⟨

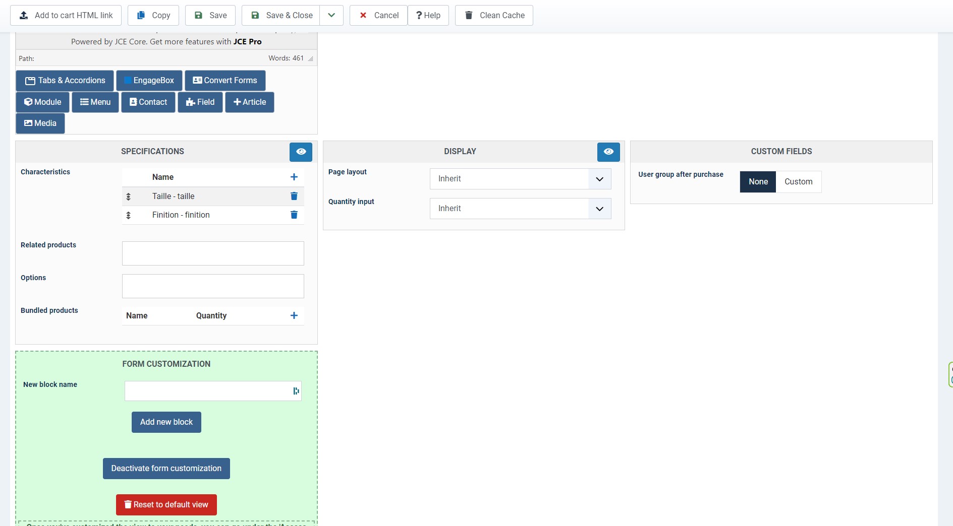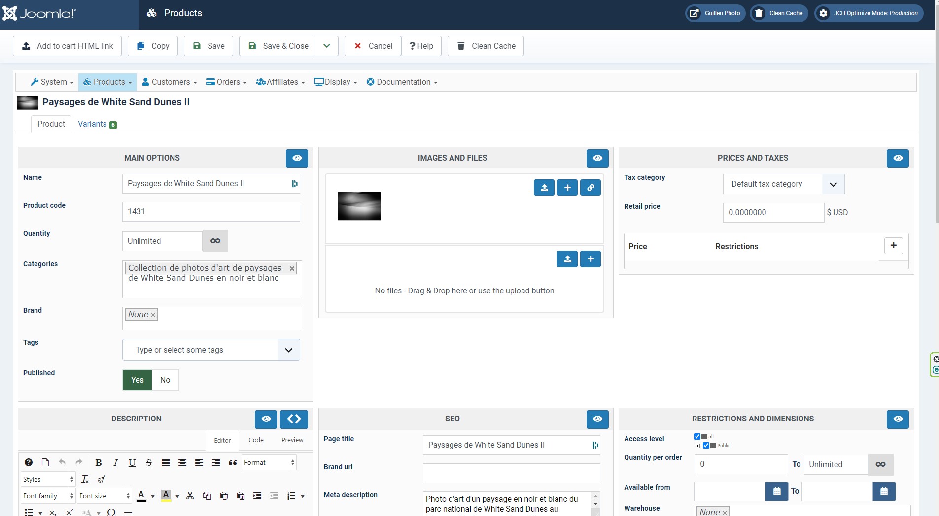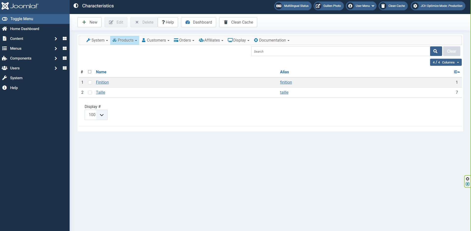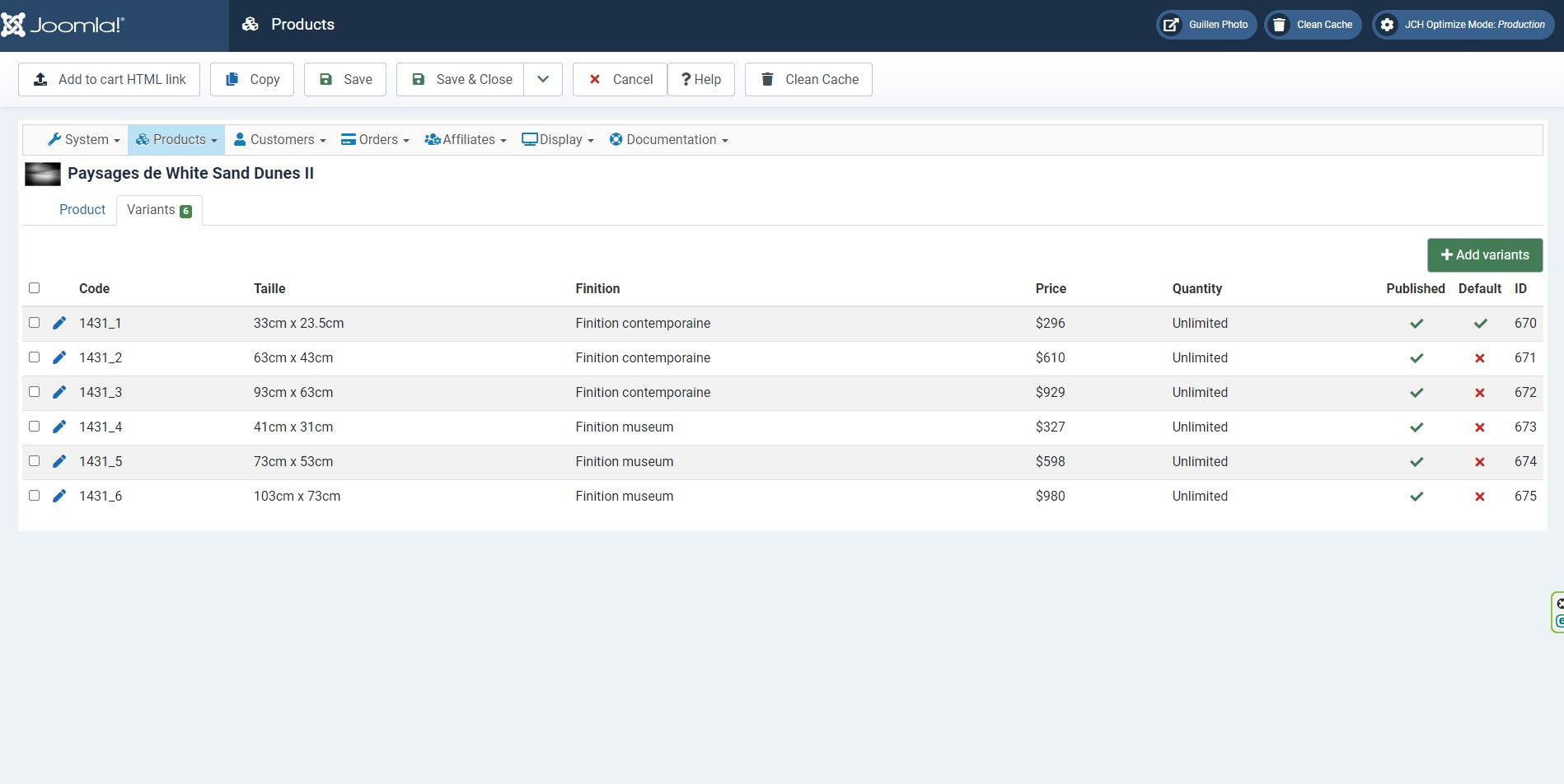 Chacun de mes produits possède deux caractéristiques : une finition et une taille.
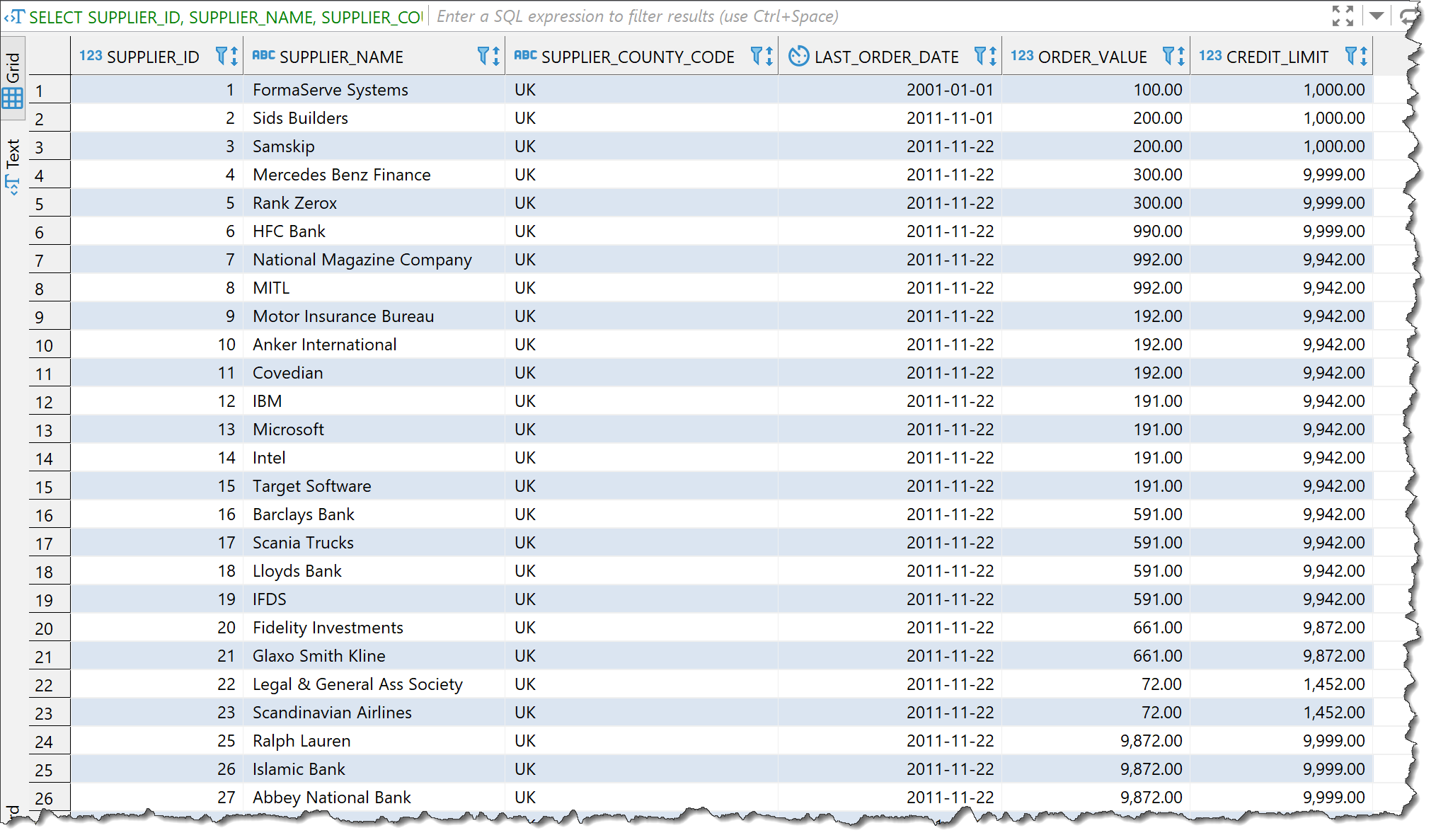 A very useful feature is the auto prompting. When we start typing a SQL statement, the beaver will automatically show us the columns and their attributes. Stops some of my typos!
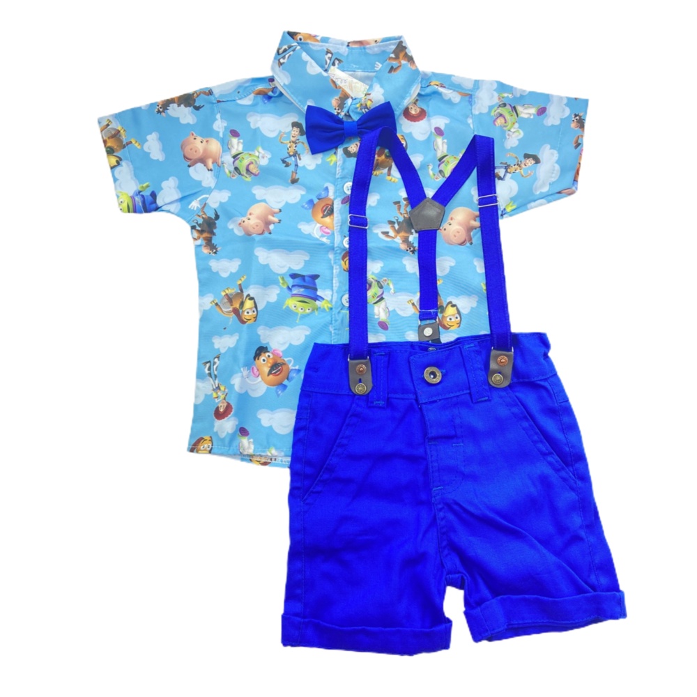 roupa toy story menino infantil festa conjunto Camisa Gravata Bermuda e Suspensório
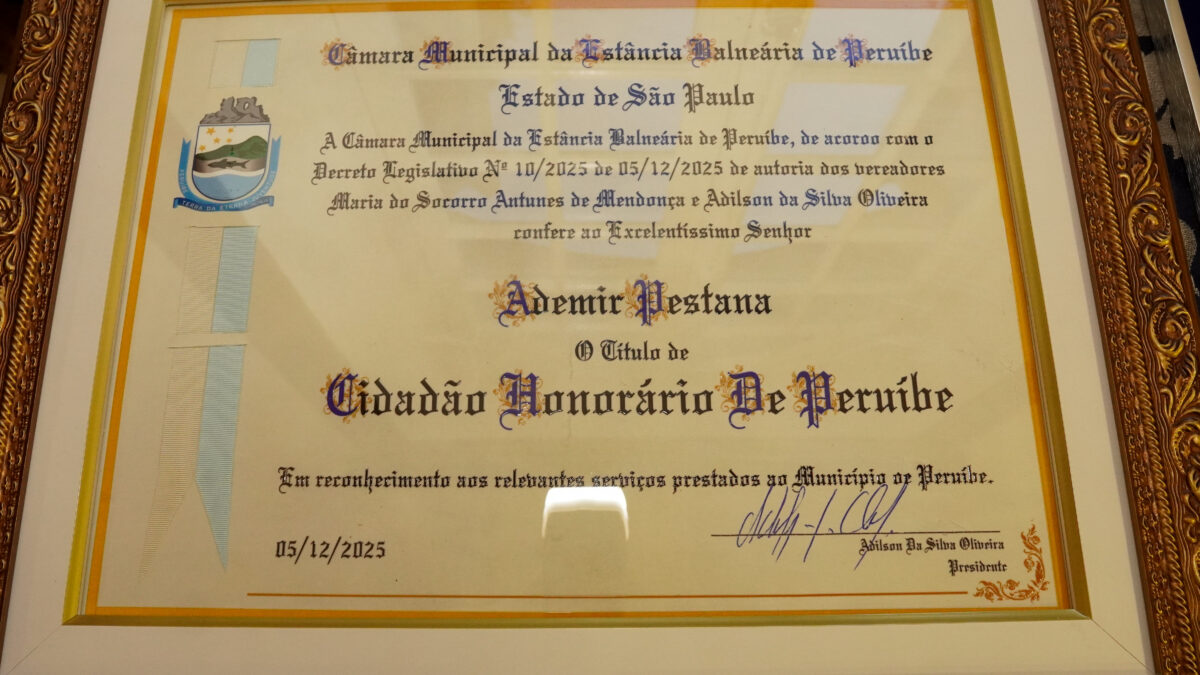 SINTO-ME IMENSAMENTE HONRADO E FELIZ POR ESTAR NESSE MOMENTO, RECEBENDO O TÍTULO DE CIDADÃO HONORÁRIO DE PERUÍBE, POR ISSO, TODA E QUALQUER PALAVRA QUE EU VENHA A PROFERIR NESTA NOITE SERÁ DE GRATIDÃO. MAS ANTES DE QUALQUER OUTRA MANIFESTAÇÃO, REGISTRO MEU AGRADECIMENTO ESPECIAL À CÂMARA MUNICIPAL DE PERUÍBE E A SEUS VEREADORES QUE ADERIRAM À PROPOSTA DA VEREADORA SOCORRO MENDONÇA VOTANDO EM MEU NOME PARA TÃO ALTA HONRARIA. À VEREADORA, CONSIGNO EM ESPECIAL, MINHA ETERNA GRATIDÃO.
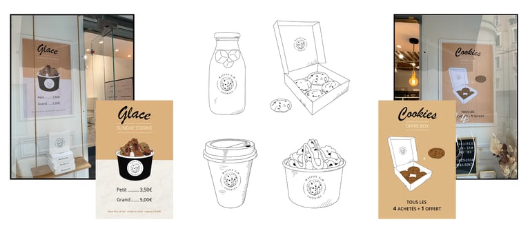 L’univers graphique s’est ensuite décliné sur plusieurs supports imprimés pour habiller le lieu de vente et communiquer autour de la marque :
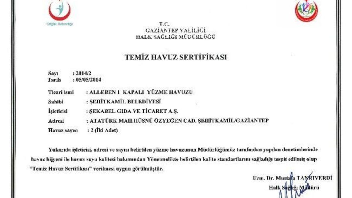 Gaziantep Valiliği Halk Sağlığı Müdürlüğü tarafından yapılan denetimlerde, Şehitkamil Belediyesi’ne bağlı Alleben1 Yüzme Havuzu ve Alleben 2 Yüzme Havuzu, 98 puanla, kalite standartlarına uygunluğu, havuz hijyeni ve havuz suyu kalitesi onaylanarak, “Temiz Havuz Sertifikası” ödülüne laik görüldü.Şehitkamil Belediyesi tarafından 2012 yılında hayata geçirilen Alleben1 ve Alleben2 Yüzme Havuzları, temiz olması ve kalitesiyle başarılarına bir yenisini daha ekledi. 8 bin metrekare arazi üzerinde, bin 240 kişilik tribünü ve ek engelli havuzu ile faaliyet gösteren Alleben 1 ve 2 yüzme havuzları, Gaziantep Valiliği Halk Sağlığı Müdürlüğü tarafından yapılan denetimler sonucunda “Temiz Havuz Sertifikası” ödülüne laik görüldü. Şehitkamil Belediyesi Alleben Yüzme Havuzu Genel Koordinatörü Cengiz Bingül yaptığı açıklamada, “Vatandaşlara temiz ve nezih ortamda spor yapma imkanı sunan Alleben havuzları içerisinde yüzme eğitiminin yanı sıra fitness, step, aerobik, pilates ve spinning branşlarında, bay ve bayanlara yönelik programlarla eğitim faaliyetlerine devam ediyor. Haftada üç gün, üç seans halinde devam eden çalışmalarda ayrıca yaz tatilinde öğrencilerimize yönelik alternatif havuz programı hazırladık. Alleben Yüzme Havuzu Sağlıklı Yaşam ve Spor Merkezi'nde, üyelerin ihtiyaç ve taleplerine özgü uygulanan programlar, vatandaşlarımız tarafından büyük bir memnuniyetle karşılanıyor. Bu yılda, Gaziantep Valiliği Halk Sağlığı Müdürlüğü tarafından yapılan denetimler sonucunda, Alleben yüzme havuzlarımız ‘Temiz Havuz Sertifikası’ ödülüne laik görüldü. Bu belgeyi almamıza destek olan tüm sporcu, veli ve üyelerimize başarımıza destek oldukları için teşekkür ederim” dedi.

⟩

Work request:
Within the entries above, the lines from the one containing "SINTO-ME IMENSAMENTE HONRADO" through the one containing "L’univers graphique s’est" are to be transcribed exactly, ends included, pictures excluded.

Response area:
 SINTO-ME IMENSAMENTE HONRADO E FELIZ POR ESTAR NESSE MOMENTO, RECEBENDO O TÍTULO DE CIDADÃO HONORÁRIO DE PERUÍBE, POR ISSO, TODA E QUALQUER PALAVRA QUE EU VENHA A PROFERIR NESTA NOITE SERÁ DE GRATIDÃO. MAS ANTES DE QUALQUER OUTRA MANIFESTAÇÃO, REGISTRO MEU AGRADECIMENTO ESPECIAL À CÂMARA MUNICIPAL DE PERUÍBE E A SEUS VEREADORES QUE ADERIRAM À PROPOSTA DA VEREADORA SOCORRO MENDONÇA VOTANDO EM MEU NOME PARA TÃO ALTA HONRARIA. À VEREADORA, CONSIGNO EM ESPECIAL, MINHA ETERNA GRATIDÃO.
 L’univers graphique s’est ensuite décliné sur plusieurs supports imprimés pour habiller le lieu de vente et communiquer autour de la marque :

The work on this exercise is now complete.